Terms Used In New Jersey Statutes 42:2A-49

  • General partner: means a person who has been admitted to a limited partnership as a general partner in accordance with the partnership agreement and named in the certificate of limited partnership as a general partner. See New Jersey Statutes 42:2A-5
  • in interest: shall mean a vote or percentage of a limited partner (in a class of limited partners) equal to the portion that partner's share in contributions to the partnership bears to the share in contributions to the partnership of all limited partners (of that class). See New Jersey Statutes 42:2A-5
  • Liabilities: The aggregate of all debts and other legal obligations of a particular person or legal entity.
  • Limited partner: means a person who has been admitted to a limited partnership as a limited partner in accordance with the partnership agreement. See New Jersey Statutes 42:2A-5
  • Partner: means a limited or general partner.

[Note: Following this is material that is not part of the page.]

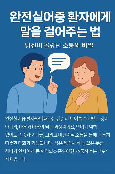 완전실어증 환자들은 말을 잘 못한다고 해서 생각까지 멈춘 건 아니에요. 🧠 여전히 기분이 있고, 하고 싶은 말도 많습니다. 하지만 언어로 표현하는 게 어려울 뿐이죠. 따라서 환자를 대할 때는 "말을 못한다"가 아니라 "다른 방식으로 표현한다"라고 바라보는 태도가 필요합니다. 마음을 존중하고 기다려주는 자세가 환자에게 안정감을 줍니다. “이해받고 있다”는 느낌이 소통의 시작이 돼요.
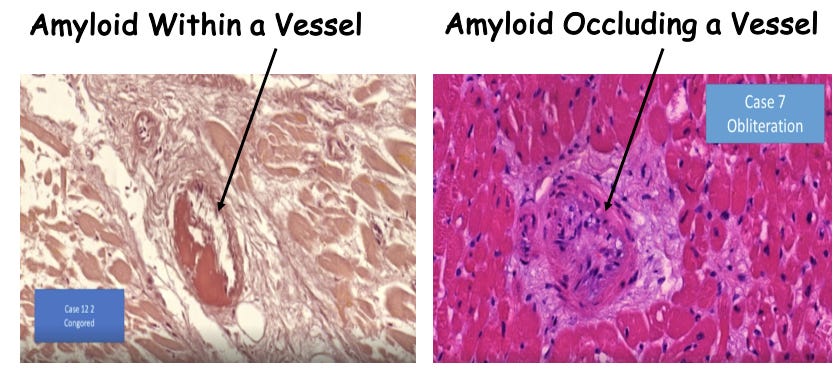 Sure enough, Dr. Burkhart shows numerous examples of amyloid lining and filling vessels and vessel walls (note pathologists have a special stain for amyloid called Congo Red which makes it very distinctive and easy to identify).

See New Jersey Statutes 42:2A-5
  • Partnership: A voluntary contract between two or more persons to pool some or all of their assets into a business, with the agreement that there will be a proportional sharing of profits and losses.
  • Partnership agreement: means any valid agreement, written or oral, of the partners as to the affairs of a limited partnership and the conduct of its business. See New Jersey Statutes 42:2A-5
  • Partnership interest: means a partner's share of the profits and losses of a limited partnership and the right to receive distributions of partnership assets. See New Jersey Statutes 42:2A-5
Right of assignee to become limited partner; rights, restrictions and liabilities. a. An assignee of a partnership interest, including an assignee of a general partner, may become a limited partner if and to the extent that the assignor gives the assignee that right in accordance with authority described in the certificate of limited partnership or all general partners and two-thirds in interest of the limited partners consent.

b. An assignee who has become a limited partner has, to the extent assigned, the rights and powers, and is subject to the restrictions and liabilities, of a limited partner under the partnership agreement and this chapter. An assignee who becomes a limited partner also is liable for the obligations of his assignor. However, the assignee is not obligated for liabilities unknown to the assignee at the time he became a limited partner and which could not be ascertained from the certificate or agreement of limited partnership.

c. If an assignee of a partnership interest becomes a limited partner, the assignor is not released from his liability to the limited partnership under sections 21 and 35 of P.L. 1983, c. 489 (C. 42:2A-22 and 42:2A-36).

L. 1983, c. 489, s. 48; amended 1988,c.130,s.25.